You’ll need to be self-sufficient during your stay at the Domes, bringing your own food. Support local businesses and stock up in the town of Wauchope on your drive-in (and grab some pastries and coffee at Baked Culture while you’re at it). There’s a stovetop, fridge (stocked as per a mini bar), BBQs, lanterns and mozzie coils, and you can even order DIY S’More packs for fireside fun. The interiors of the Domes have a cosy, stylish fit-out, with a modern bathroom (and a proper flushing toilet—none of that drop bush toilet stuff). As there’s no mobile reception, pack a good book or make the most of treasures that lie waiting to be discovered at every turn: a bed chest full of board games, a cupboard crammed with retro DVDs, a stargazing telescope (the skies are ablaze come night time). Many of these activities are ideal for couples, but there’s plenty on offer for solo travellers, such as yoga mats, locally-made face masks and bath bombs for hot tub soaks. 

It’s these thoughtful human touches that reinforce the benefit of making a responsible travel choice by booking local and giving your money to a tourism operator in the Greater Port Macquarie Region, such as Tom’s Creek Nature Domes. The owners are still working on the property following the setbacks of COVID-19, and flooding in the region —a new series of Domes designed with families and groups in mind is under construction, along with an open-air, barn-style dining hall and garden stage. Once ready, the venue will be ideal for wedding celebrations, with wedding parties able to book out the property. They’ve already got one couple—who honeymooned at the Domes—ready and waiting. Just need to train up the llamas for ring-bearer duties! 

An abundance of favourite moments come to mind from my two-night stay at Tom’s Creek: sipping champagne and gourmet picnicking at the top of a hill on a giant swing under a tree, with a bird’s eye view of the entire property (the ‘Mountain Top picnic’ is a must-do activity add on during your stay), lying on a deckchair at night wrapped in a blanket gazing up at starry constellations and eating hot melted marshmallows, to revelling in the joys of travellers before me, scrawled on notes in a jar of wishes left by the telescope (you’re encouraged to write your own to add to the jar).
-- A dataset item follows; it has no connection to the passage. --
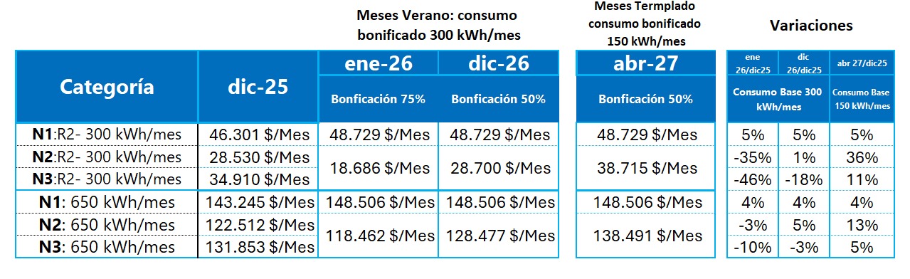 La otra novedad es que el bloque de energía a precio subsidiado será de 300 kWh en los meses de mayor consumo, mientras que el resto del año cubrirá 150 kWh. En el sistema actual es de 350 kWh para los N2 y de 250 kWh para los N3. Asimismo, quienes estén dentro de la categoría subsidiada pagarán el 50 por ciento del costo de la energía, con una bonificación inicial para enero de 2026 de 25 por ciento adicional que se va reduciendo paulatinamente hasta diciembre del año que viene, lo que se plantea como un mecanismo para evitar subas abruptas.

But I’ll leave you with a gratitude journal entry I made while staying there. I will preface this by saying that I don’t actually keep a gratitude journal, but Tom’s Creek Nature Domes is just the kind of place that makes you want to start one. And so, waking up on my second morning at Tom’s —lacking any 4G bars to facilitate my bad habit of a morning Instagram scroll—I finally opened up a notebook and made my first journal entry:

‘I am grateful to wake up after a deep sleep and breathe in the biggest breaths of this clean air, purified by nature and scented with eucalyptus and rain. I am grateful for this steaming hot coffee brewed on a fire. I feel accomplished at having made myself. I am grateful for the skittish sheep that made me laugh as I enjoyed a long nature walk at dawn and the animated billy goats and friendly llamas overlooking my shoulder as I write this: agreeable company for any solo traveller. I’m grateful for total peace, absolute stillness.” 

Off-grid holiday status: unlocked.

Where: Tom’s Creek Nature Domes, Port Macquarie, 2001 Toms Creek Rd
Price: $450 per night, book at the Natura Domes website.